United's argument is based on § 16(c) of the Act, 29 U.S.C. § 216(c), which provides: "The Secretary [of Labor] is authorized to supervise the payment of the unpaid minimum wages or the unpaid overtime compensation owing to any employee . . . and the agreement of any employee to accept such payment shall upon payment in full constitute a waiver by such employee of any right he may have" to additional recovery. According to United, as soon as the five plaintiffs cashed the checks they accepted the payment, which extinguished any right to bring a separate suit. The plaintiffs reply that the sums under the settlement were not "payment in full" of the back wages, as the statute requires. For example, plaintiff Jan Thomas, who received $6,000 (doubled to $12,000) in this suit, accepted $639.30 from United as part of the settlement. This argument rests on a misreading of "payment in full," however. Section 16(c) requires "payment in full" of the agreed amount, not of the underlying claim. The statute is concerned with settlements, and a settlement is a compromise — the employee surrenders his opportunity to get 100 cents on the dollar, in exchange for a smaller payment with certainty. On the plaintiffs' argument, no settlement could bar a suit; an employee always could sue for more on the ground that he had not yet been paid "in full" as he conceived his maximum claim. That cannot be right.
The more difficult question is whether the plaintiffs "agreed" to accept the money, which under § 16(c) is one condition for the preclusion of litigation. United insists that the "agreement" may be found in accepting and cashing the check. Indeed, so powerful is the statute, United insists, that there could be no litigation if any plaintiff had accepted the check and then returned it uncashed, as the court held in Sneed v. Sneed's Shipbuilding, Inc., 545 F.2d 537 (5th Cir. 1977). Yet in Sneed there was an "agreement". The employee signed a statement surrendering his right to sue, and he argued only that he could undo this signature by returning the employer's money; the court held that he could not. Our problem is determining whether there has ever been an "agreement."
United treats "agreement" as any act by which an employee accepts money. The difficulty with this construction is that it removes "agreement" from § 16(c), treating the statute as if "payment in full" were itself sufficient to abrogate the employee's right to sue.

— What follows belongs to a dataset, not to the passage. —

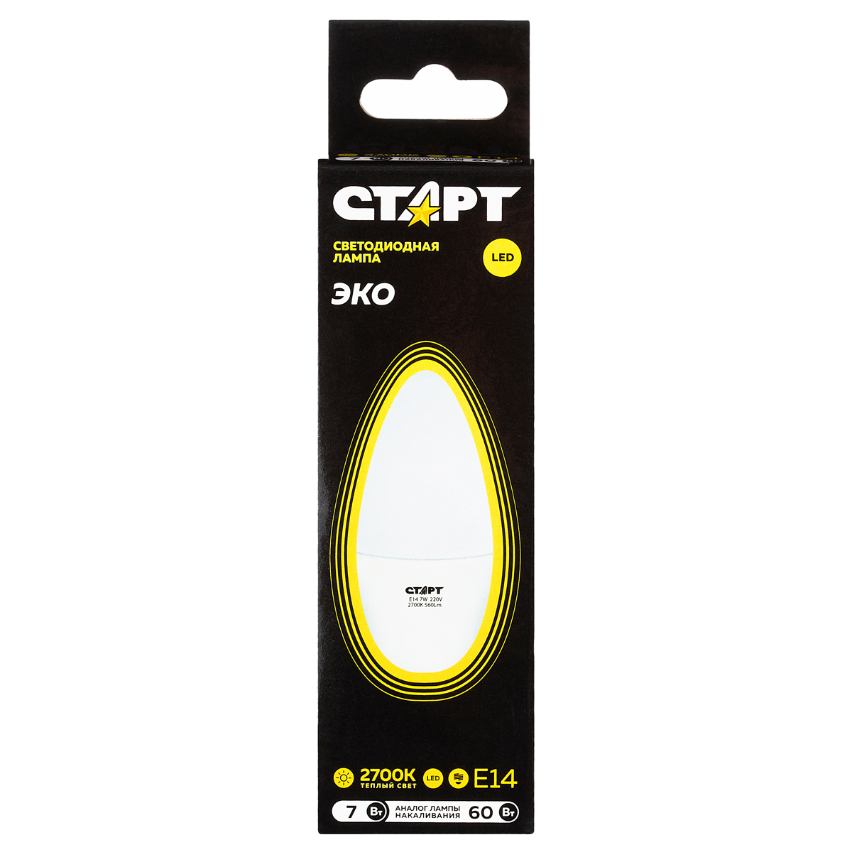 Светодиодная лампа СТАРТ используется в бытовых помещениях для обеспечения основного либо декоративного освещения. Эффективно заменяет лампы накаливания, галогеновые лампы в светильниках любой конфигурации, использующих цоколь Е14. Лампа дает ровный комфортный свет, оптимальный для восприятия человеческим глазом. Эстетика и удобство использования Элемент освещения выполнен в форме свечи, что позволяет дополнительно декорировать стильные люстры, настенные светильники. Встроенная защита делает лампу нечувствительной к перепадам напряжения. Конструкция плафона герметична и предохраняет от повышенной влажности и температурных изменений окружающей среды. Матовая колба в качестверассеивателя передает ровное освещение, наполняя помещение теплым белым светом на уровне 2700К. Экономия Конструкция лампы обеспечивает экономию при энергопотреблении до 90% по сравнению с обыкновенными лампами накаливания. При этом заявленный срок службы осветительного элемента составляет до 25000 рабочих часов. Энергопотребление светодиодной лампы 7Вт, что соответствует 60Вт по сравнению с лампами накаливания. Безопасность Свет, передаваемый лампой, не имеет посторонних эффектов и комфортно воспринимается человеческим глазом. Материалы, из которых произведен элемент освещения, не содержат вредных веществ. Колба не подвержена избыточному нагреву, поэтому является безопасной для использования в детских комнатах, спальнях. По окончанию срока эксплуатации лампа может быть утилизирована и переработана.
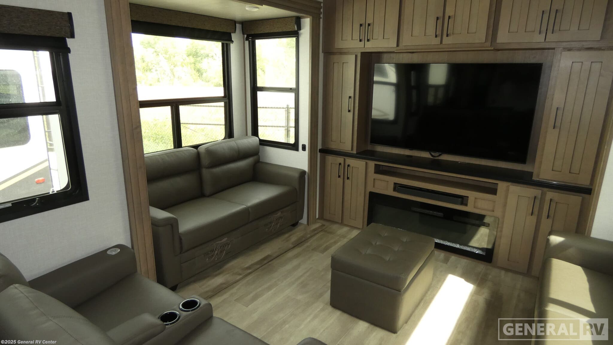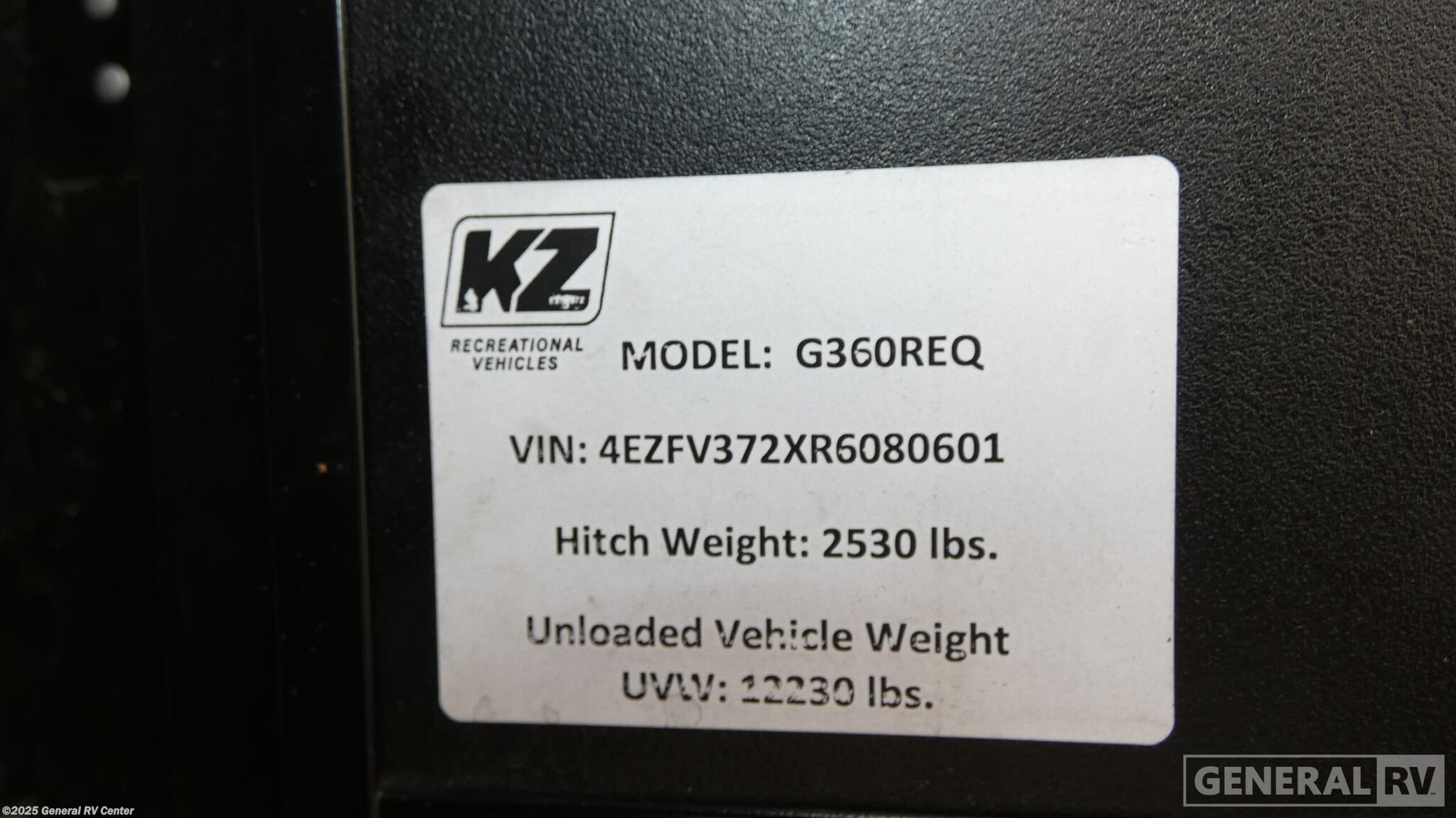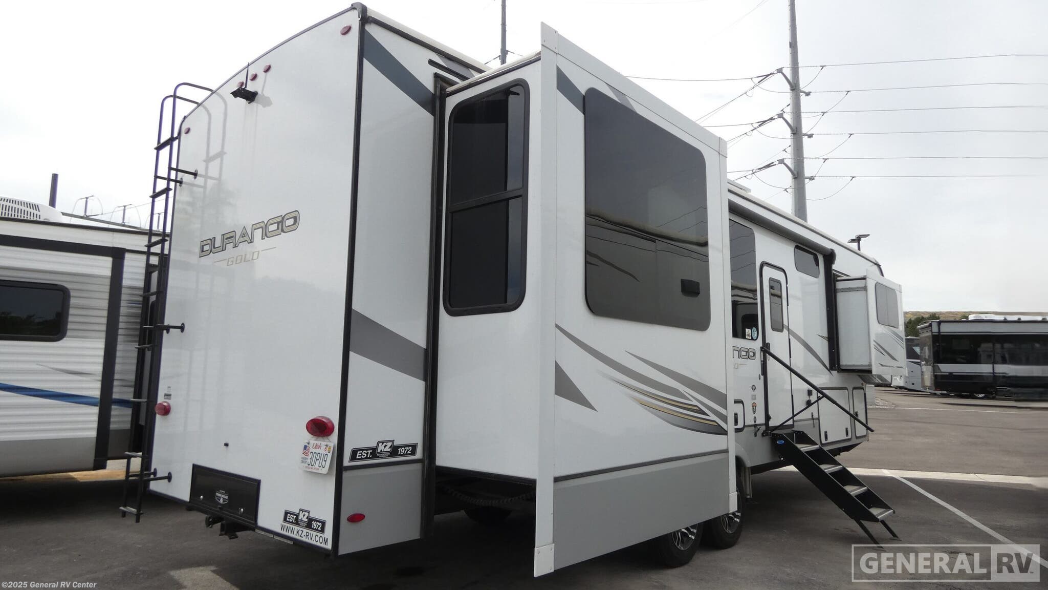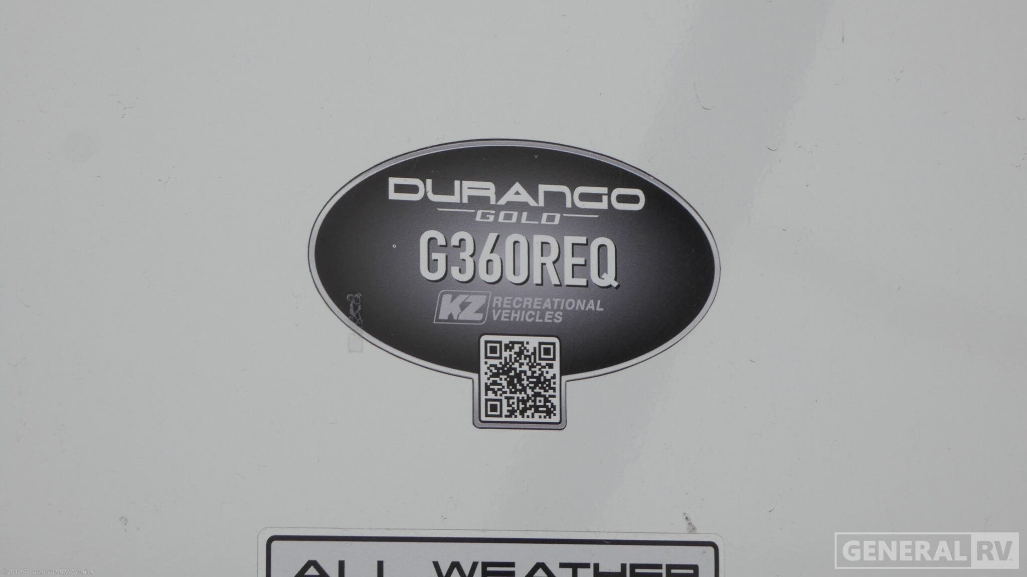 Experience the pinnacle of luxury and comfort with the 2024 KZ Durango Gold G360REQ. This fifth wheel is designed to be your home away from home, offering ample space and high-end features that make every journey memorable. With its spacious floorplan, including a center kitchen and rear living area, you'll find a perfect blend of functionality and style. The kitchen is a chef's delight, boasting a full-sized refrigerator, convection microwave, and a four-burner cooktop, ensuring you can whip up gourmet meals on the go. Relaxation is at the forefront in the rear living area, where plush theater seating and dual hide-a-bed sofas surround an inviting 65" TV and fireplace. The master suite promises restful nights with a king-sized electric tilt bed, and washer/dryer prep ensures convenience for extended stays. The residential shower with a seat adds a touch of spa-like luxury. With a 16-foot powered awning and outside griddle, the outdoor experience is equally enticing, perfect for enjoying the fresh air and stunning views. Visit your nearest General RV dealership to explore this remarkable RV in person.

There would be no role for "agreement" independent of payment. We do not readily excise words from statutes, and we do not excise them at all unless the legislative history or the other tools for finding meaning indicate that Congress meant the redundancy. The legislative history of § 16(c) indicates no such thing.
The provision was part of the Fair Labor Standards Amendments of 1949. There was no House report on this bill, and the Senate's report, S.Rep. No. 640, 81st Cong., 1st Sess. (1949), reprinted in 1949 U.S. Code Cong. Adm. News 2241, 2247, describes the new language this way:
Section 16 is amended by the bill by adding to it a new subsection (c) under which the Wage and Hour Administrator would have authority to supervise the payment of the unpaid minimum wages and the unpaid overtime compensation due an employee under the act. This subsection would further provide that the agreement of the employee to accept such payment will upon payment in full constitute a waiver by him of any right of action he may have . . . to recover . . . .
That is essentially the whole legislative history describing the meaning of § 16(c). The Senate states "agreement" and "payment in full" as distinct requirements, so there is no reason to think that Congress wanted payment alone to do.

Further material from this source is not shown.